Given records:
____
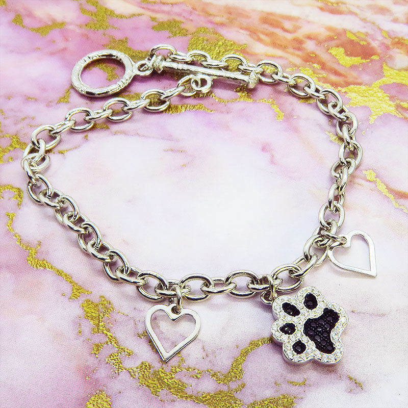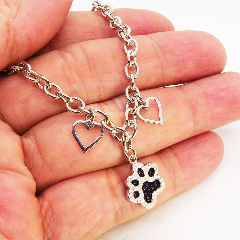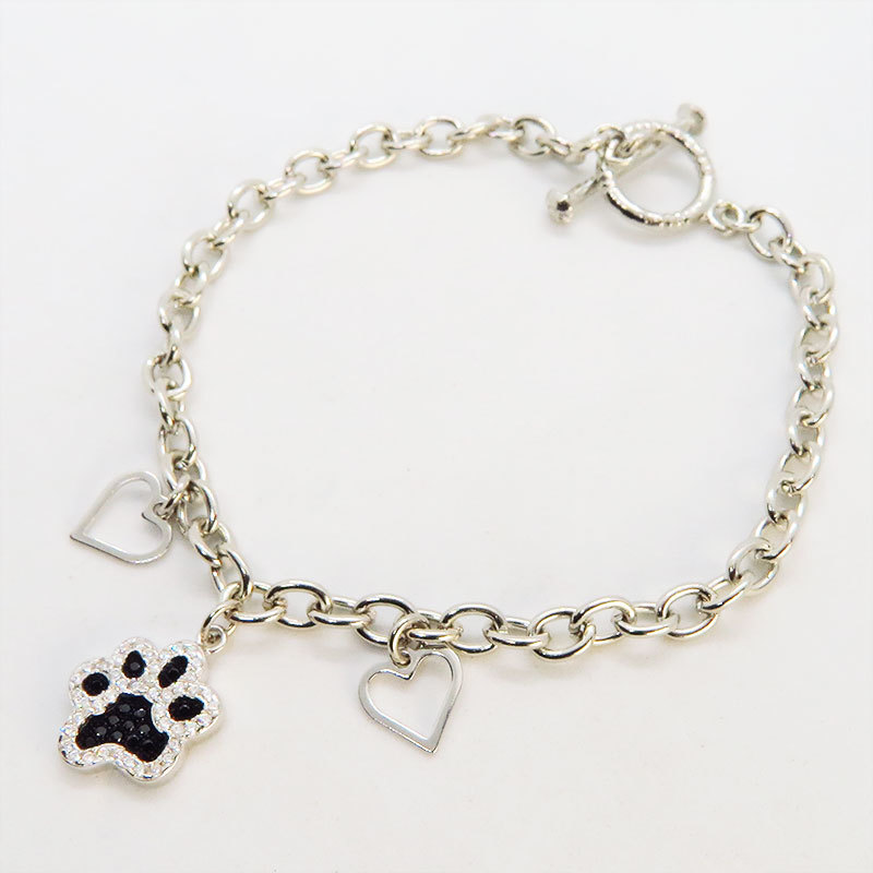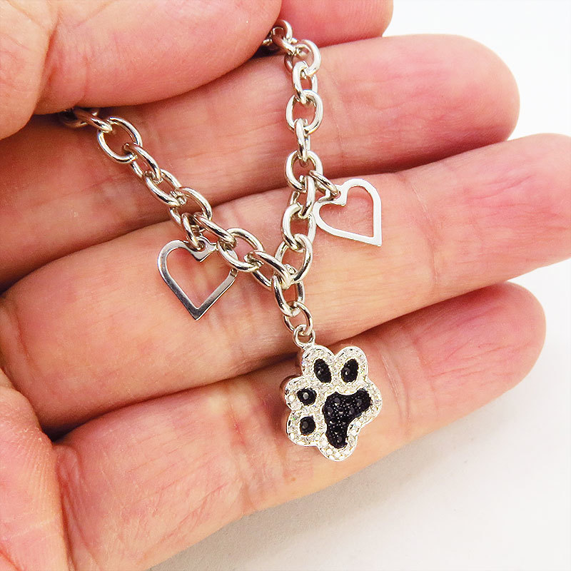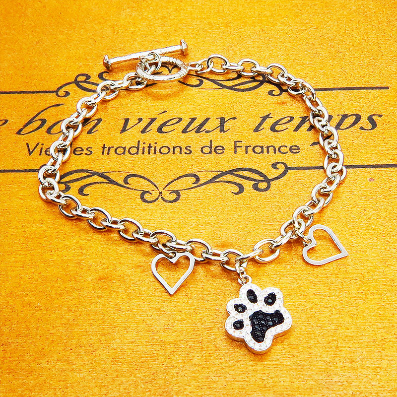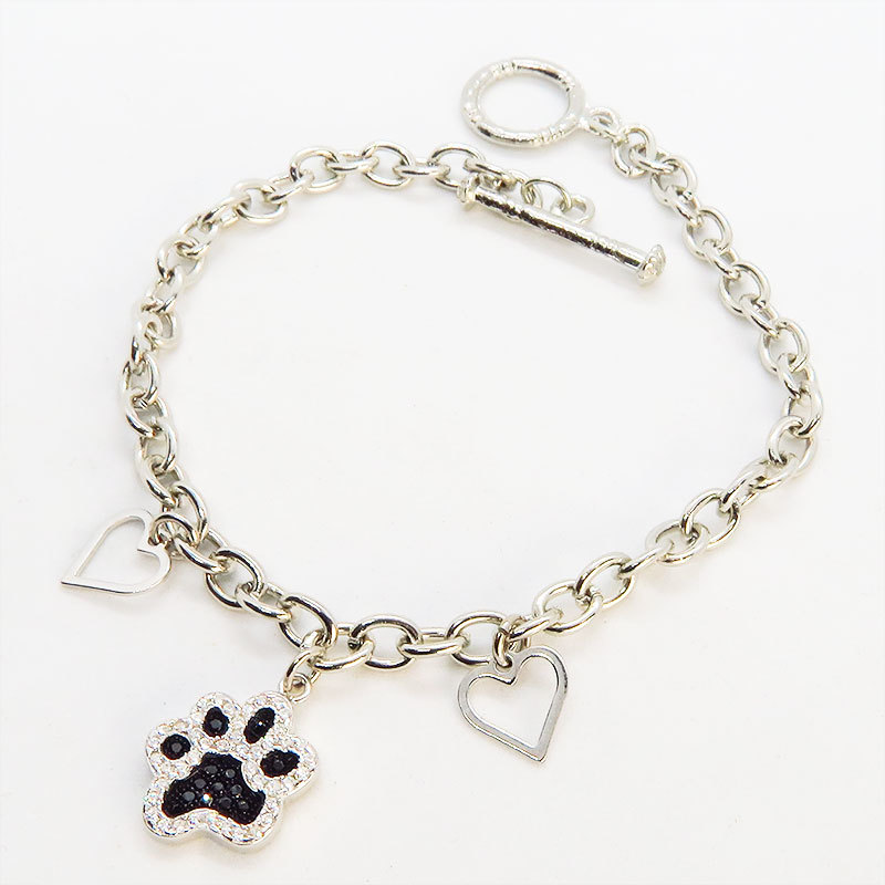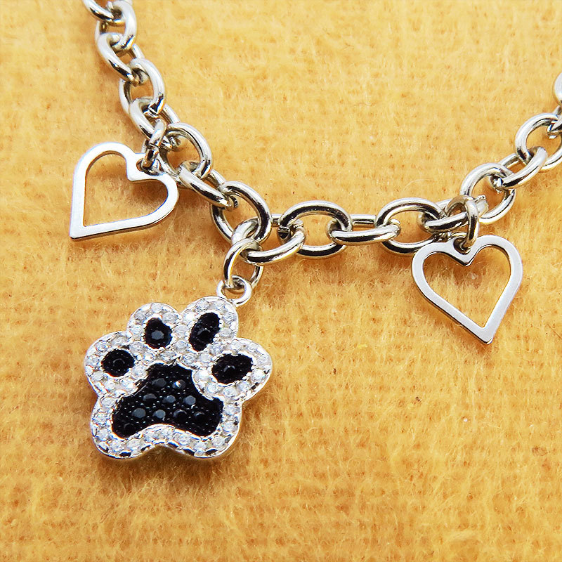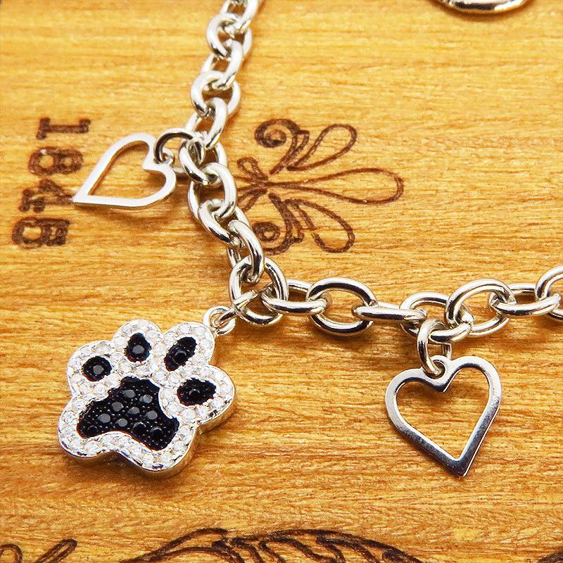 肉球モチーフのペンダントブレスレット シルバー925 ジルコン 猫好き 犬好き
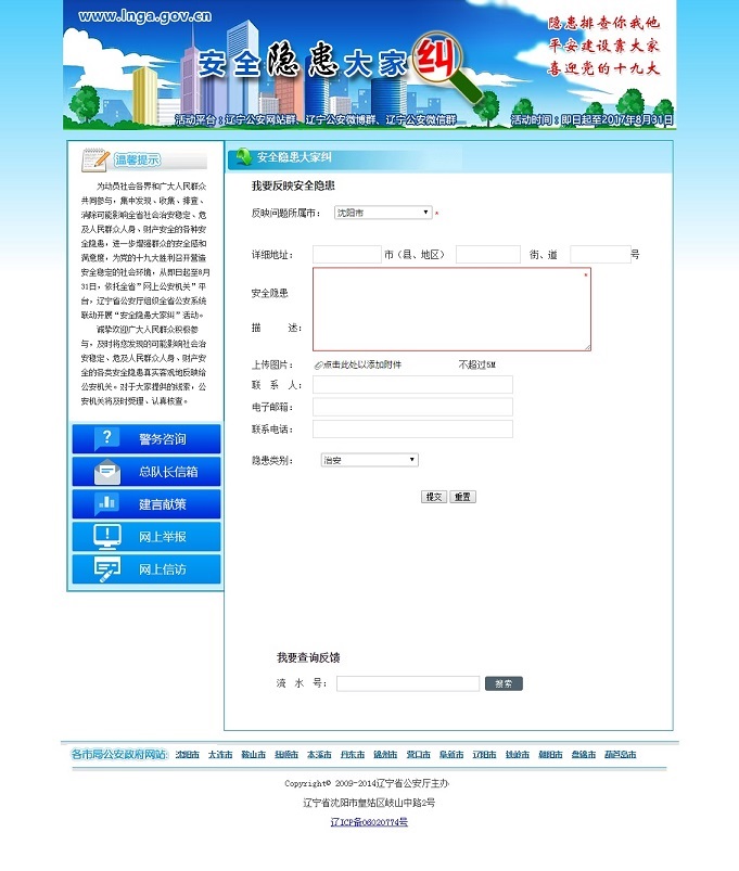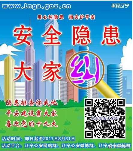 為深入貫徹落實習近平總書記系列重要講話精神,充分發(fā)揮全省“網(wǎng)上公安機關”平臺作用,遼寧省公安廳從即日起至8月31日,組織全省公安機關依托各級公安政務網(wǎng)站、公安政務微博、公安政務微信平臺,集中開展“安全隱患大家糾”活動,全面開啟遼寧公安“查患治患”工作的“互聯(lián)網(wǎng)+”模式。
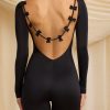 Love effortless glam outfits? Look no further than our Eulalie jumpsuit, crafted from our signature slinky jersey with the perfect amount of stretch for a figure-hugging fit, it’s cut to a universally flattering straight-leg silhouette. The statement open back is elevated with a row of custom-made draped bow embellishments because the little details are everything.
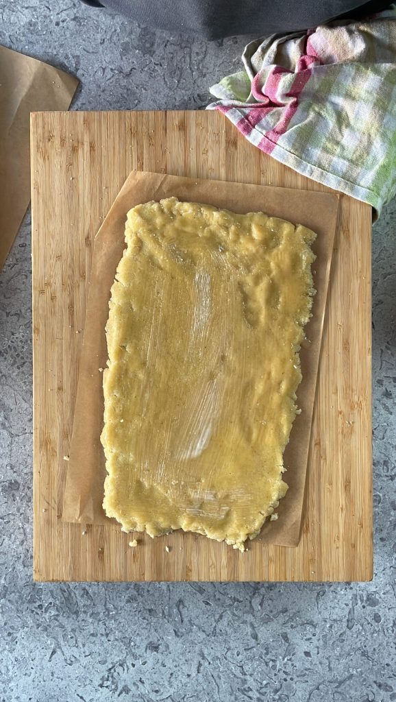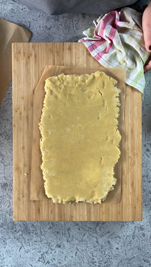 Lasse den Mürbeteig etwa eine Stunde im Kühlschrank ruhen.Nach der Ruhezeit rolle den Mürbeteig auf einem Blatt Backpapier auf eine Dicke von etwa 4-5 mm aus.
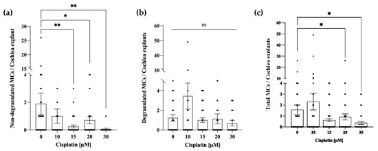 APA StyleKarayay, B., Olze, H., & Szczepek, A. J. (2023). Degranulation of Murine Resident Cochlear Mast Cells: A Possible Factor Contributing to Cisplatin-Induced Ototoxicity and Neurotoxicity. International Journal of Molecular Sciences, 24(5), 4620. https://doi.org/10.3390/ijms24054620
____
Action item:
Up to and including the line containing "Love effortless glam", quote each line of the entries above from the very first, please, exactly and without images.

Finished exercise:
 肉球モチーフのペンダントブレスレット シルバー925 ジルコン 猫好き 犬好き
 為深入貫徹落實習近平總書記系列重要講話精神,充分發(fā)揮全省“網(wǎng)上公安機關”平臺作用,遼寧省公安廳從即日起至8月31日,組織全省公安機關依托各級公安政務網(wǎng)站、公安政務微博、公安政務微信平臺,集中開展“安全隱患大家糾”活動,全面開啟遼寧公安“查患治患”工作的“互聯(lián)網(wǎng)+”模式。
 Love effortless glam outfits? Look no further than our Eulalie jumpsuit, crafted from our signature slinky jersey with the perfect amount of stretch for a figure-hugging fit, it’s cut to a universally flattering straight-leg silhouette. The statement open back is elevated with a row of custom-made draped bow embellishments because the little details are everything.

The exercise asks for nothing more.